Lifelong Warrior McChrystal Felled by His Own Words
ABC News looks back at what McChrystal said about his military career.
June 23, 2010— -- They are the words that mark the undoing of respected warrior, Gen. Stanley McChrystal, a leader defined by his discipline and now punished for the few moments he wavered from it.
When interviewed by ABC News earlier this year, McChrystal said that he always wanted to be the kind of soldier that his dad was.
"If people trust me not to always get it right but to always try to get it right," McChrystal said, "if they had that faith ... then I think that I would have lived up to the way I view my father."
McChrystal graduated from the United States Military Academy at West Point in 1976 in a climate clouded by Vietnam. The men shaped by those times later would shape the general's team, men handpicked by McChrystal to join him in Afghanistan, men that he went to school with like Lt. Gen. David Rodriguez and Lt. Gen. William Caldwell.
Classmates and Comrades
McChrystal reflected on his time as a student at West Point with Rodriguez.

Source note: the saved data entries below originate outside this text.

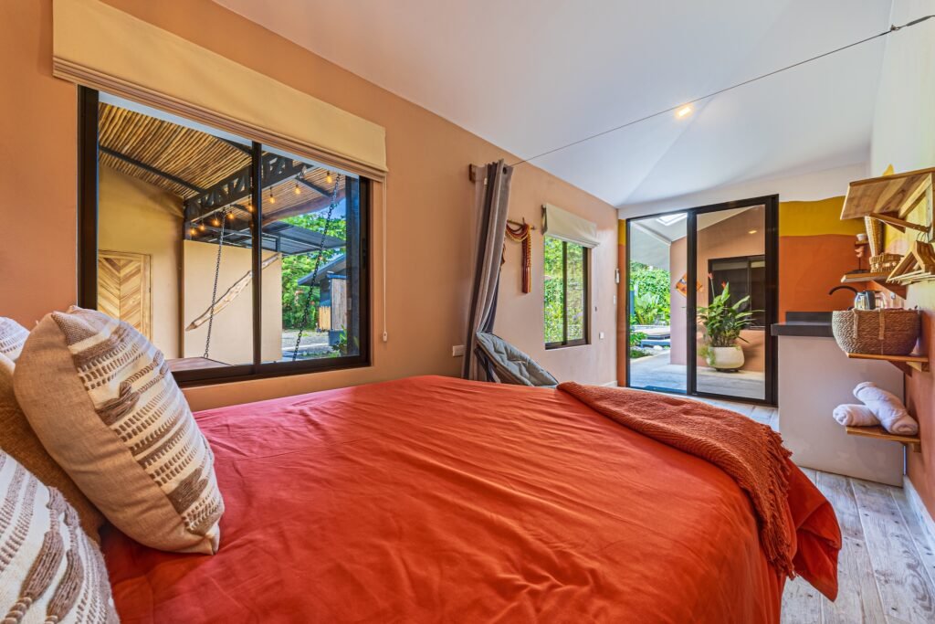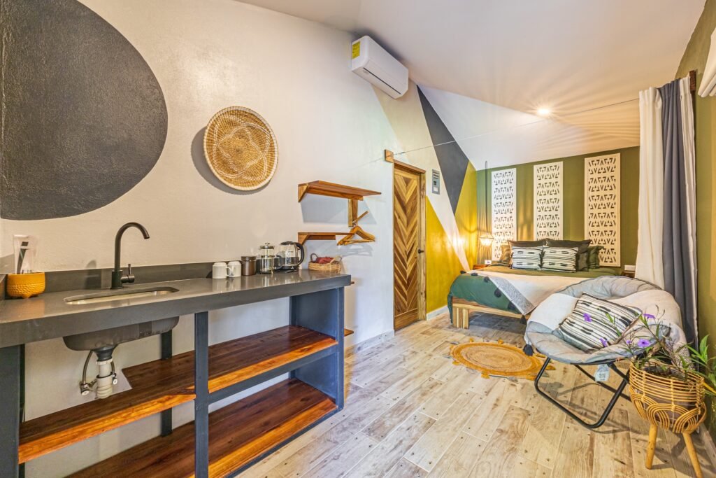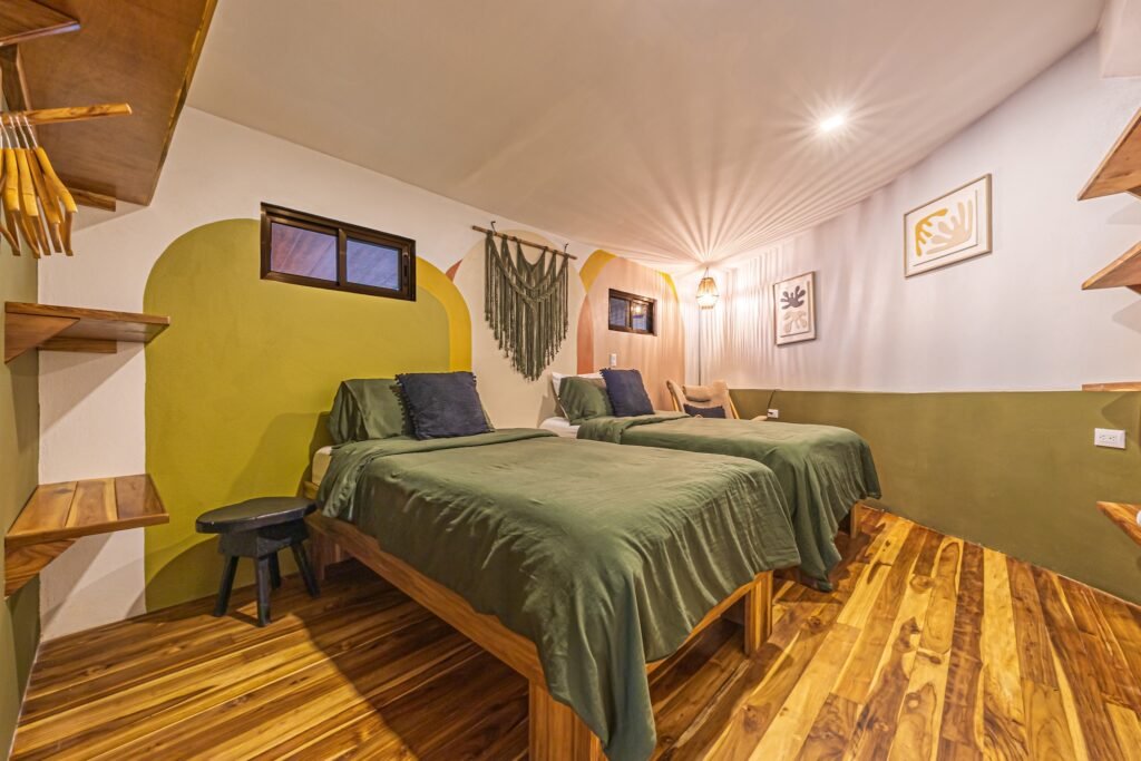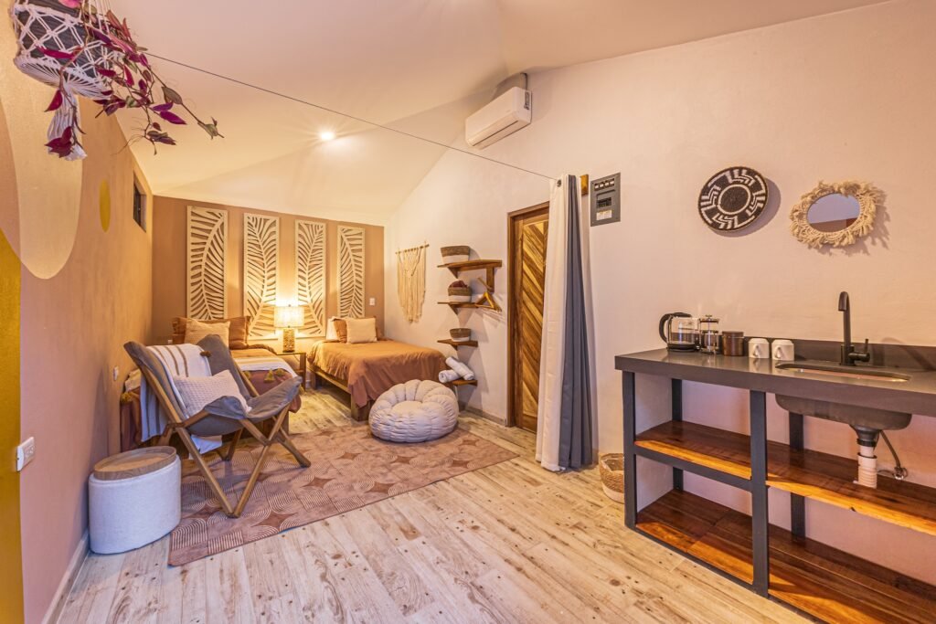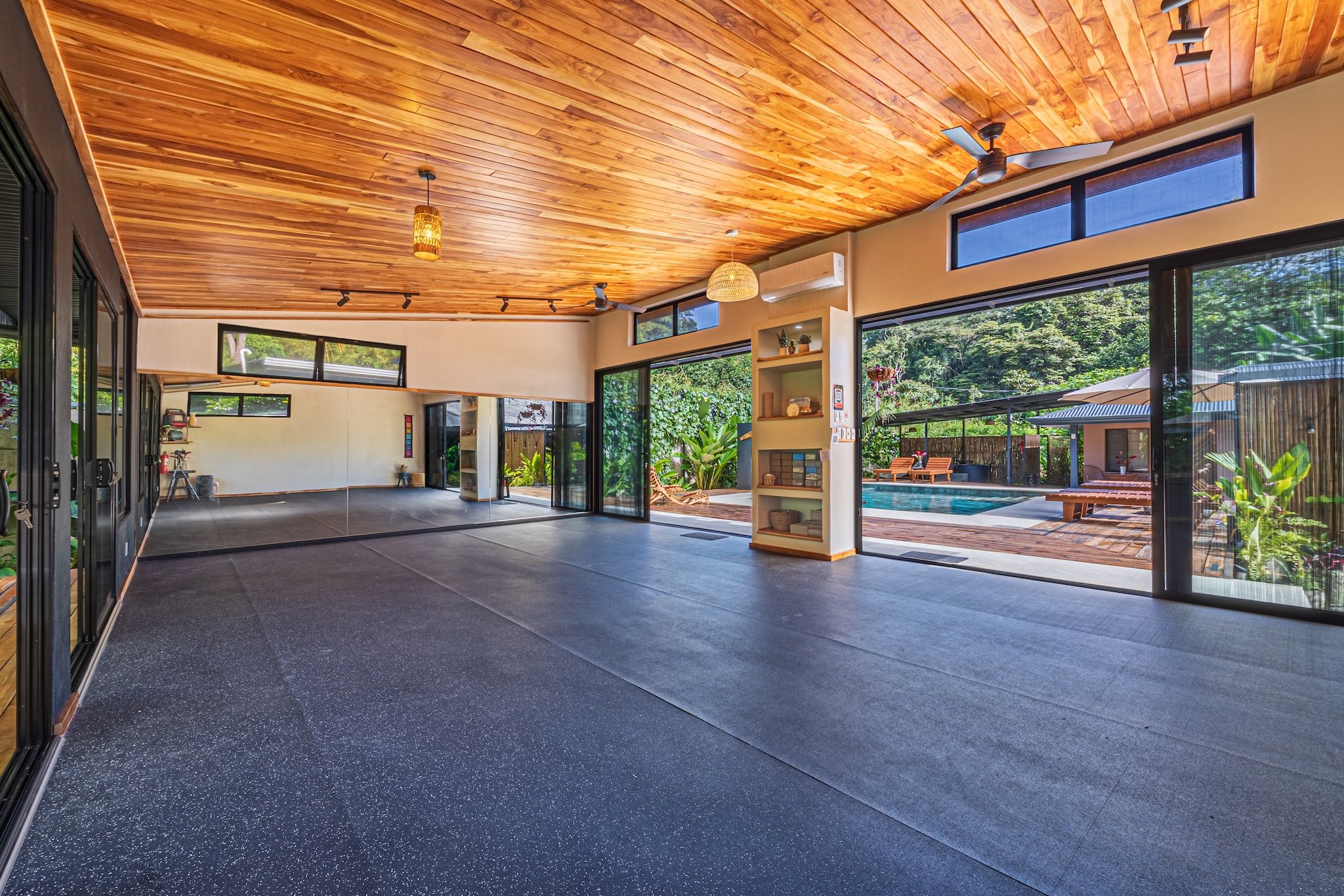 Our yoga room fits up to 25 mats and is designed for comfort and connection, with screened windows, eco rubber flooring, high teak ceilings, mirrors, and ceiling fans for an open-air feel—plus far-infrared heat for hot yoga classes or A/C when needed.
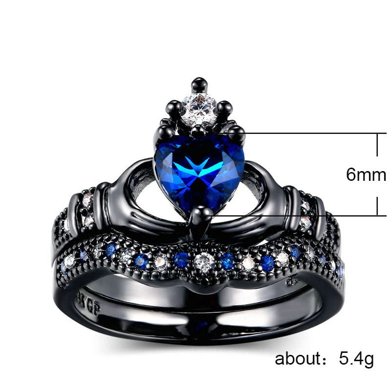 2in1 Retro Black Halo Created Blue Sapphire Cubic Zirconia Wedding Engagement Eternity Heart Hand Rings Set Women's Band Vintage for Bridal Mom Lover
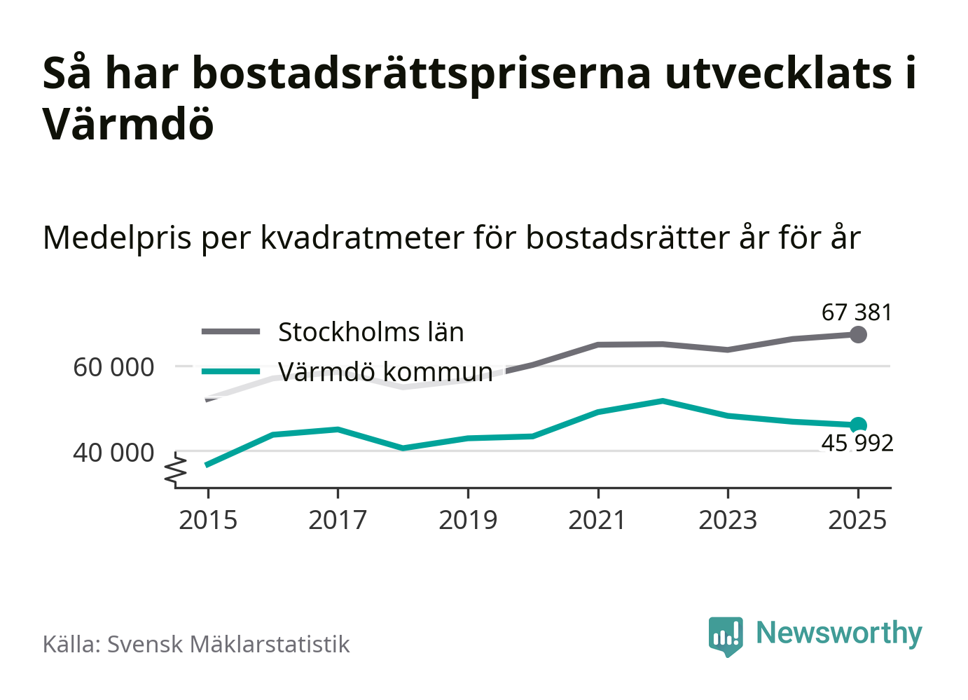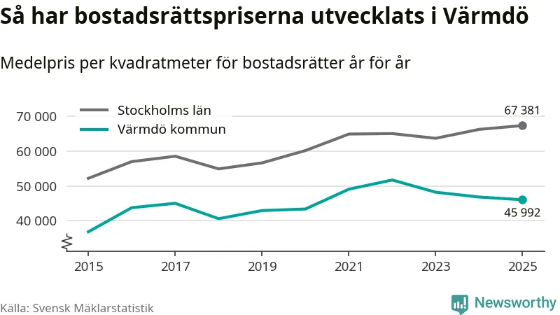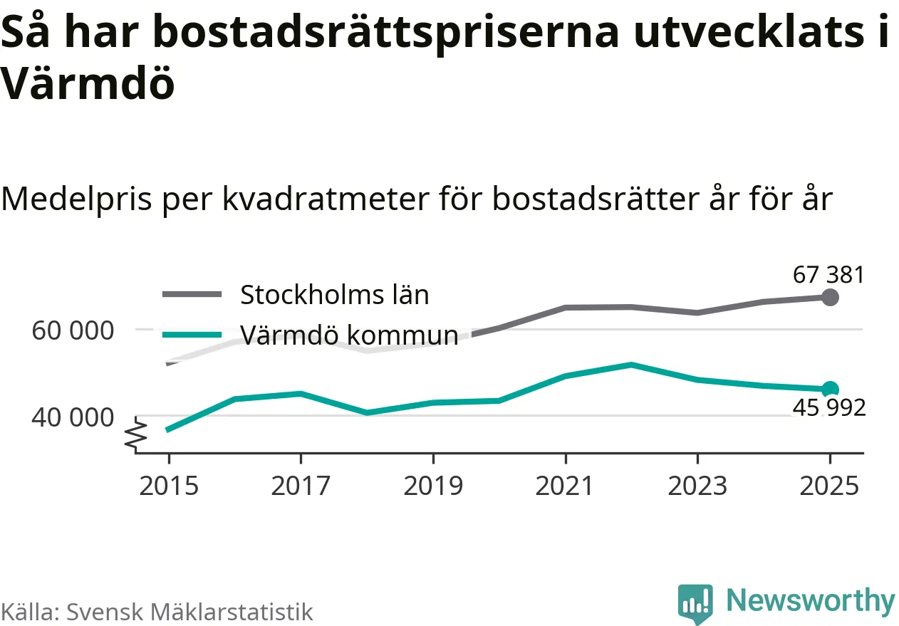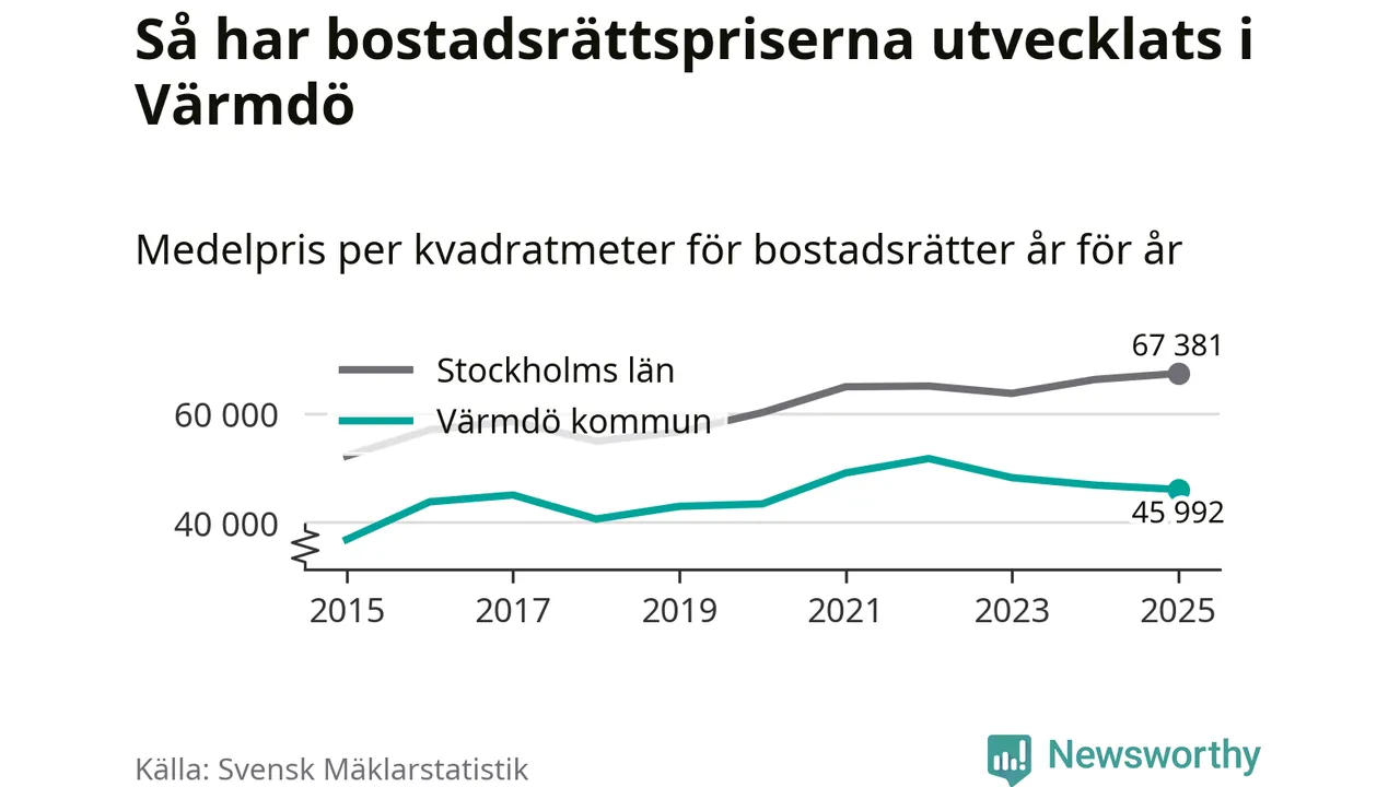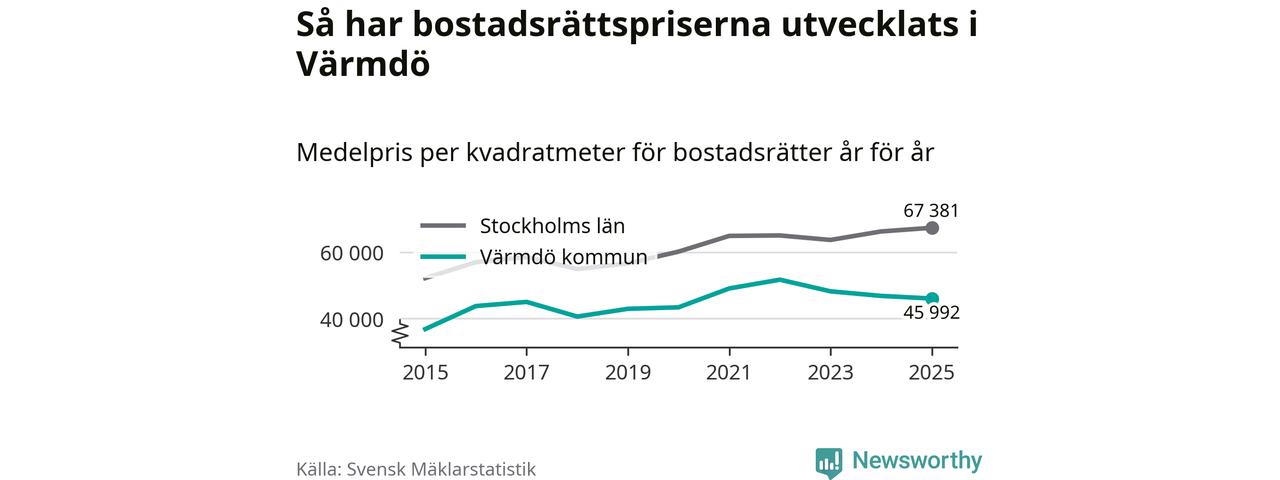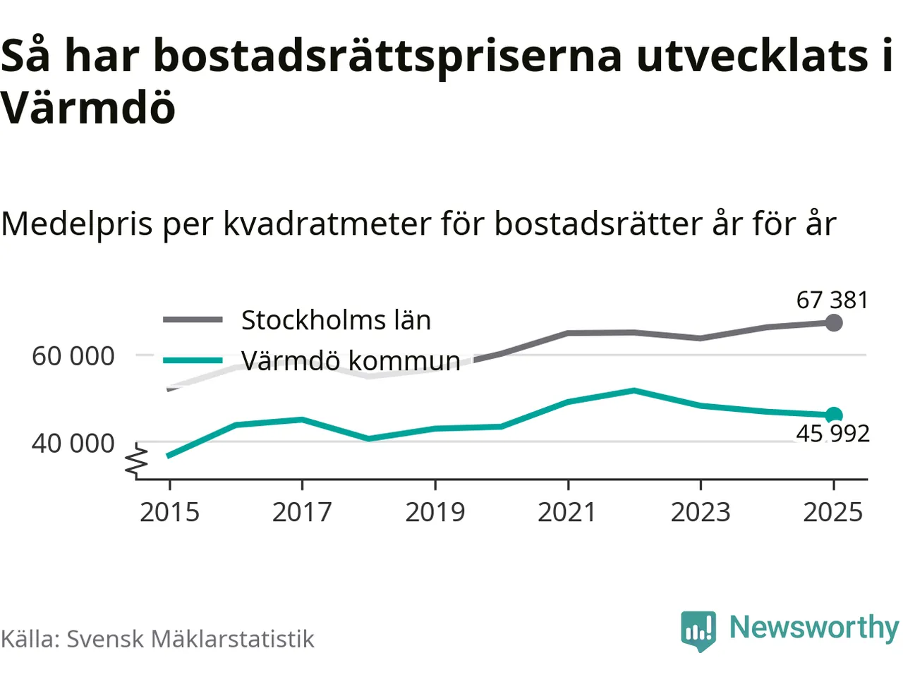 Det såldes totalt 433 bostadsrätter i Värmdö kommun under året. Genomsnittspriset per kvadratmeter landade på 45 992 kronor. Det är en minskning med två procent i kommunen på ett år.

"We were not only classmates, but we were ranger company commanders together," he said.
Caldwell is another McChrystal friend of 37 years. They were in Iraq together. McChrystal famously would appear in the dark of night, joining his subordinates on nighttime raids in Iraq.
The first time much of America heard about McChrystal was after the capture of Saddam Hussein in 2003. President George W. Bush mentioned the general in his speech. Contrary to what one might think, that wasn't the proudest moment of his career.
"The pride that I have always taken is when you build a team," he said.
Blistering Remarks
Now his team is left working the battlefield he is leaving behind, so shaped by their seemingly superhuman commander.
Caldwell once reflected on the moment his former college classmate, McChrystal, asked him in August 2008 to join him in Afghanistan.
"I was thrilled to go because I believe in him," Caldwell said in an interview earlier this year.